Climbing mountains and conducting scientific research (things women traditionally "didn't do") gave Arlene Blum a lifetime of challenges and adventures. "It's given me much to write about," says Blum. "The stories I tell, both in the lab and on a mountain, are the result of a similar process. One has a vision of what one wants to do. Then, a group of people works together to achieve that goal, whether it's solving a scientific problem or climbing a mountain."
A mountaineer with a doctorate in biophysical chemistry, Blum is in Kathmandu to work on her memoir Molecules and Mountains. Her first book, Annapurna: A Woman's Place, about the 1978 American Women's Himalayan Expedition on Annapurna I was recently reissued by Random House Publishers. Back in 1972, when Blum had the idea of organizing the first women's expedition on an 8000m peak, none of the highest peaks in the world had been climbed by women.
But by 1974, three members of a Japanese women's expedition had climbed Manaslu, the long-waited first ascent to an 8000m peak by an all-female expedition. Four years later, Blum's own expedition to Annapurna put two women on top. In 1978, two women and two Sherpas stood on the summit of Annapurna I, twenty-eight years after Maurice Herzog's first eight-thousander climb in history in 1950. The celebrations were short-lived because a few days later two women on the second summit team fell to their deaths. In Annapurna, team leader Blum chronicles the personal commitment and the triumph and tragedy of the expedition's journey.
Blum then started working on her next goal: the great Himalayan traverse across Bhutan, Nepal and India. In 1982, she and travel and adventure writer Hugho Swift became the first westerners to complete the 4,500 km trek. Starting from the eastern border of Bhutan, Swift and Blum, climbed up and down the Himalayan range up 6,000m passes and down to river valleys at 600m, gaining and losing an average of 1000m each day to reach Ladakh.
Eager to share her cross-cultural experiences with friends back home in Berkeley, Blum started the Berkeley-Himalayan Fair, an annual event which attracts 5-6,000 people to enjoy dal-bhat, momos, song and dance, and arts and crafts from the Himalaya "One day, I saw a few people selling arts and crafts on this huge field in Berkeley and I had a vision of something bigger." The 18 year-old fair is sponsored by the City of Berkeley and raises funds for development projects in Nepal.

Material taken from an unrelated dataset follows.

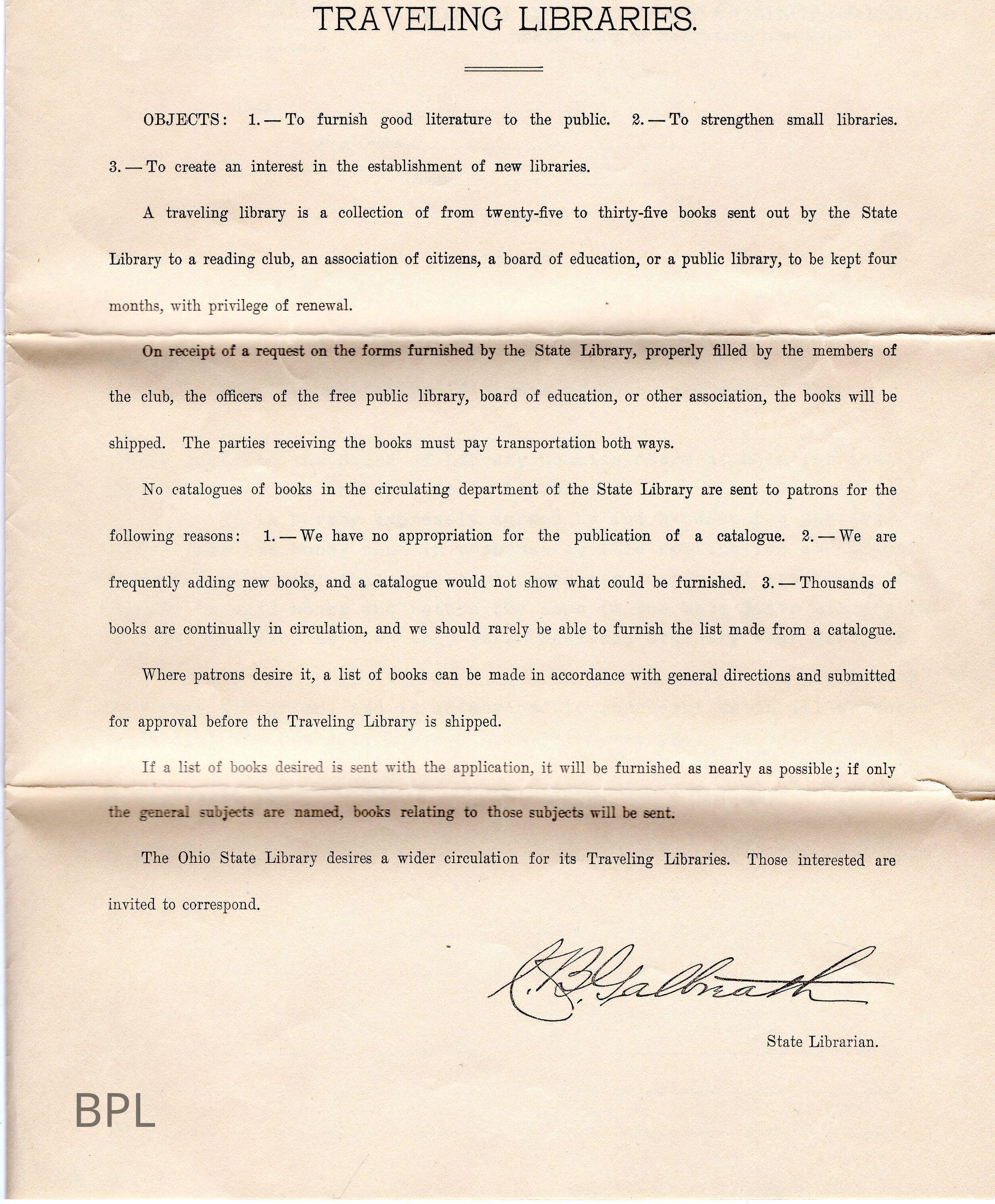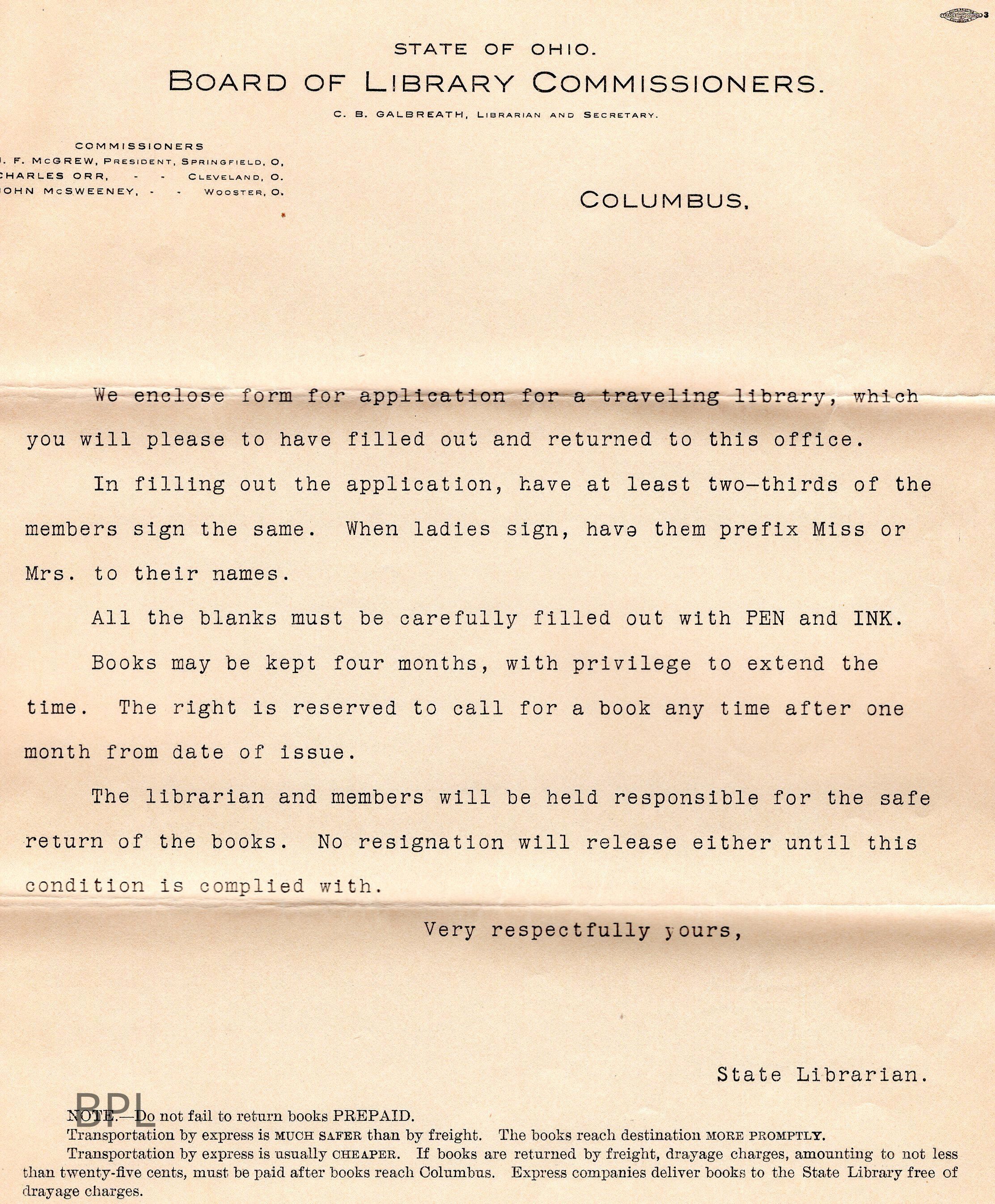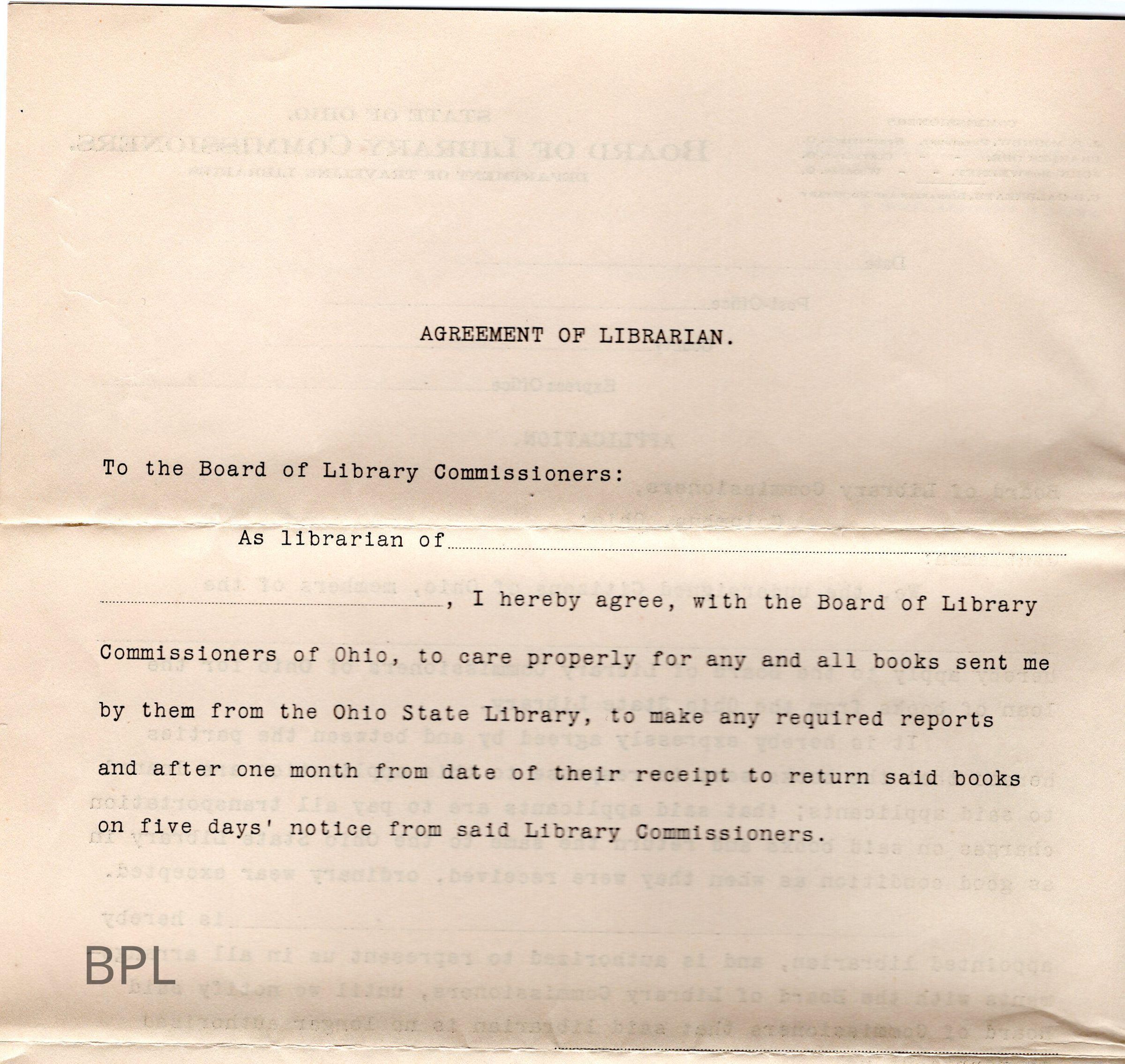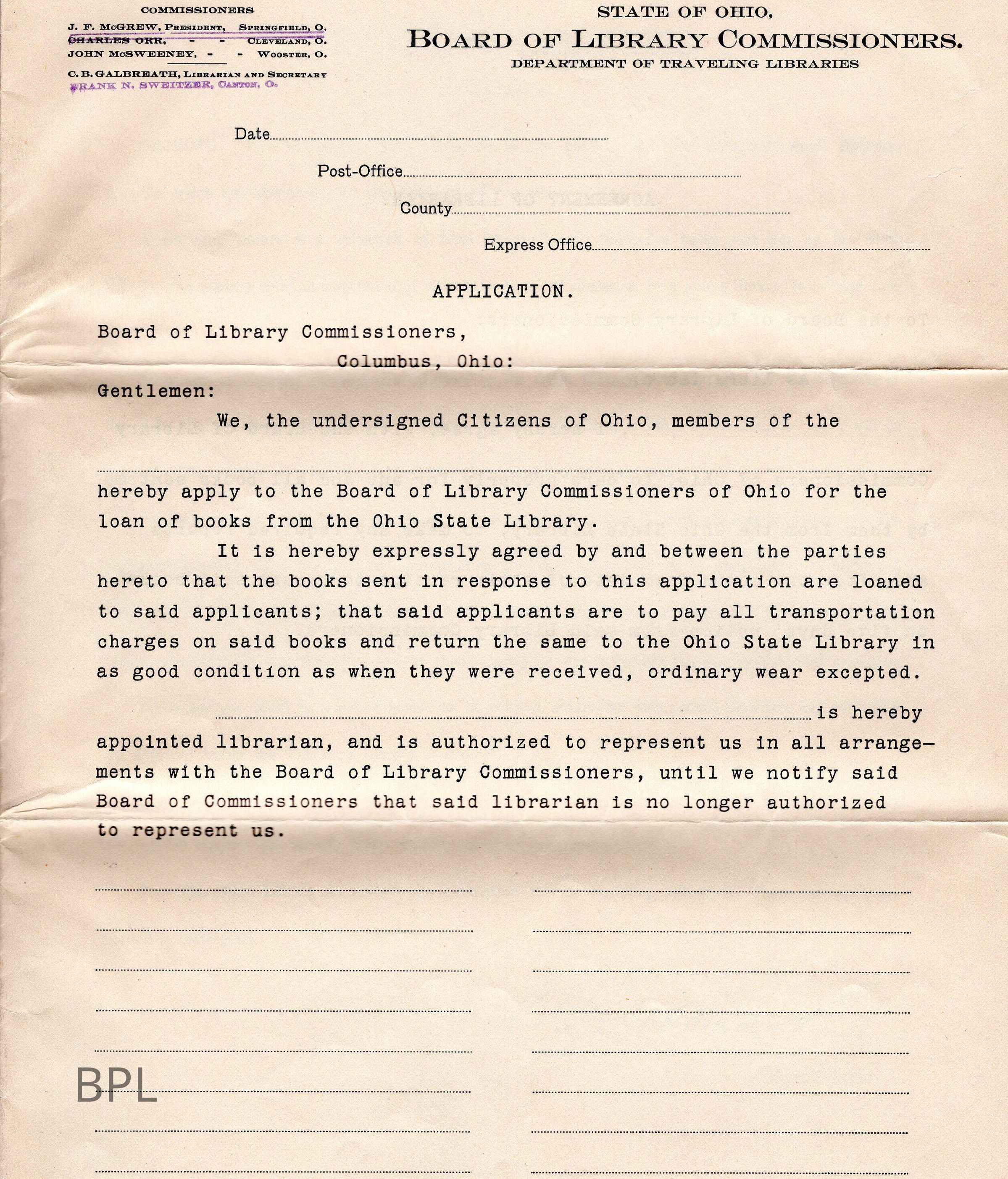 Application from State of Ohio Borad of Library Lending LibraryCataloged By

Off the mountain, Blum's vision, drive and energy, yield tangible results in the laboratory. Her research, while she taught at Stanford University, Wellesley College and the University of California at Berkeley, was instrumental in banning tris, a carcinogenic chemical used as a flame retardant on children's sleepwear.
Today, she's traded university teaching and research, and high-altitude climbing to focus on family and sharing the leadership skills she's gained leading over twenty Himalayan expeditions with organisations worldwide. "Once you have children you don't want to engage in life-threatening sports. It's a personal choice," says Blum whose numerous awards include a gold medal from the Society of Women Geographers, an honour given to eight other women, including aviator Amelia Earhart, anthropologist Margaret Mead and Mary Leakey.
Blum's photographs and articles have appeared in National Geographic, the Smithsonian and Science magazines. To accommodate a life with "maximum freedom but minimum security", Blum conducts leadership skills, and teamwork and problem-solving workshops where participants are encouraged to overcome "their own Annapurnas and Everests"-Blum's metaphor for important and difficult goals.
Based on her experiences leading successful scientific research and mountaineering expeditions, as well as a synthesis of current research on leadership and team development, her clients include corporate and high-tech companies like Nestle/Carnation, Hewlett Packard, and IBM. Blum will be shuttling between Kathmandu and Bangalore for the next five months sharing her team-building skills with Indian and American computer professionals. "We will look at how to negotiate across cultural boundaries when the stakes are high in order to create and maintain a complex organisation without losing sight of the ultimate goals," she adds.
In 1992 she held similar workshops for tourism professionals, senior policy makers and business leaders from Nepal's leading Ministries and private industry.
Participants were encouraged to share their vision, to make a commitment, an action plan. Almost a decade later, at least one of those participants is realising her dream.
Renchin Yonjan's vision to transform Kathmandu into a green beautiful place by having companies adopt a city block or a neighbourhood is flowering fast as she continues to nurture green traffic islands in the city's choked interiors-beyond molecules and beyond mountains.